His concern for the struggle for the survival of the Ogoni started in his days in the secondary school in far away Umuahia and he wrote his first book “Ogoni Nationality, today and tomorrow”. He used his position as Commissioner to rehabilitate his Ogoni people and started emancipating them through education. Perhaps this precipitated his dismissal from the council.

Ken was indeed a man who would never be careful. He would take the bull by the horn; he would hit the nail on the head. Fear was foreign to him. No matter what it takes, he was born to be feared and not the reverse. He was a rare gem and a peculiar creature, not being physically, massively or structurally endowed his brain was 100% a blessing to nations particularly the Ogoni.

He turned to business after his dismissal from the Rivers State Executive Council by Alfred Diette Spiff, and became a business tycoon in the U.S. and UK. In 1979 he contested an election to the Federal House of Representatives but lost it to the more partisan and less people oriented.

In the 1980 he started his popular television sitcom, “Basi and Company, wrote children plays as Mr. B, Mr. B. Goes to Lagos, Tambari, Tambari in Dukana, wrote more incisive books as “Prisoners of Jebs, ‘Genocide in Nigeria: an Ogoni tragedy,” second Letter to Ogoni Youths, ‘A forest of Flowers, On a Darkling Plane, ‘an account of the Nigerian Civil War. A Month and Day: A detention Dairy etc. Facts have it that he wrote more than 23 books before he was gruesomely murdered. Indeed, this would have qualified him as a professor if he had remained in the academic which he said was his dream but for the agony of the Ogoni which was his divine mission.

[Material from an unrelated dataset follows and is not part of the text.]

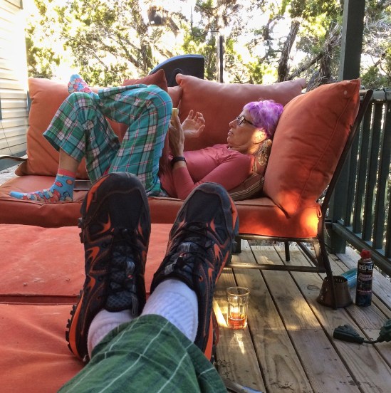 Nice shoes ;-). The porch looks inviting, ours will be covered in snow in about 4 hours… safe travels and we are looking forward to trip posts!
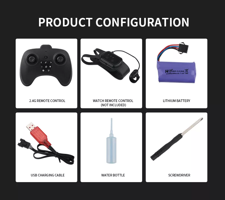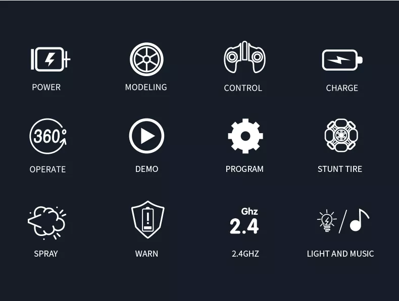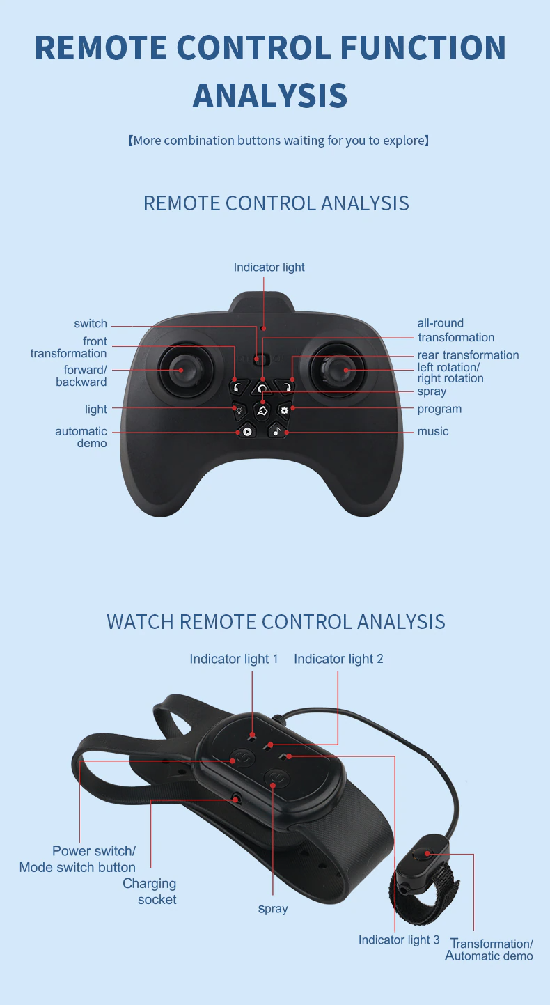 Forward and backward, Left rotation, right rotation, Deformation, Demonstration function, Programming function, With light and music, Low pressure reminder function and Spray function.

He became president of Association of Nigerian Authors (ANA), president of EMEROAF and Vice President, Unrepresented Nations and Peoples Organization (UNPO).

In September 1987, Ken was appointed the Executive Director of the Federal Government’s Directorate of Mass Mobilization for Self-reliance, Social Justice and Economic Recovery (MAMSER). Noticing that he could not mobilize the people and would not be asking them to question the military junta itself and which the junta never tolerated, he resigned.

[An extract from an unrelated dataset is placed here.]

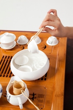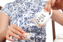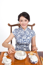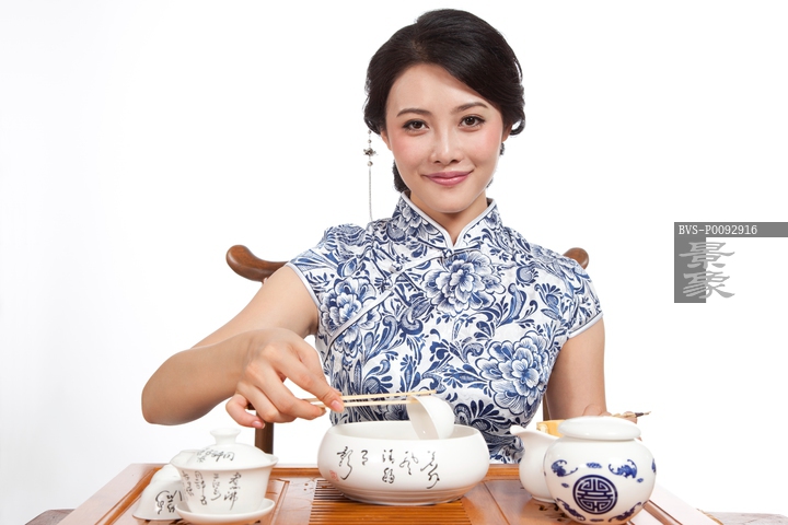 图片标题: 棚拍身穿旗袍的年轻女人茶艺表演

By 1990, he had written the Ogoni Bill of Rights which was signed by the Ogoni elites in that year. He started his awareness and galvanization crusade thereby. By this act he has decided to walk majestically and noisily where even angels tiptoed. His activities and mobilization landed him in prisons and detentions on several occasions. He successfully organized over 500,000 Ogonis in 1993 in protest against Shell and the Nigerian nation without any violence at all. This was indeed a non-violent struggle and methodology. The people really believed in him and he was most cherished of all Ogoni elites. Indeed, he had taken over from late Chief Paul Timothy Naaku Birabi, the first Ogoni emancipation crusader. During his leadership MOSOP was founded and widely embraced, leading to the sacking of Shell from Ogoni in 1993. This became an insult to the oppressive military cabals led by Dictator General I.B. Babangida who vowed to do the worst.

Ken Saro-Wiwa organized over one hundred rallies before his slaughter in 1995. He faced several trumped up charges. He was detained for a month and a day but was finally released on 22nd July, 1993.

He wrote his detention dairy and ended in a manner that looked predictive of his fate this way. “The genocide of the Ogoni had taken on a new dimension. The manner of it I will narrate in my next book, IF I LIVE TO TELL THE TALE”. Indeed, he never lived to tell the tale as he was arrested barely three days after then from where he never saw freedom till he was brutally killed on November 10th 1995, 18 years ago at the end of a kangaroo tribunal presided over by Justice Ibrahim Auta, Borno man.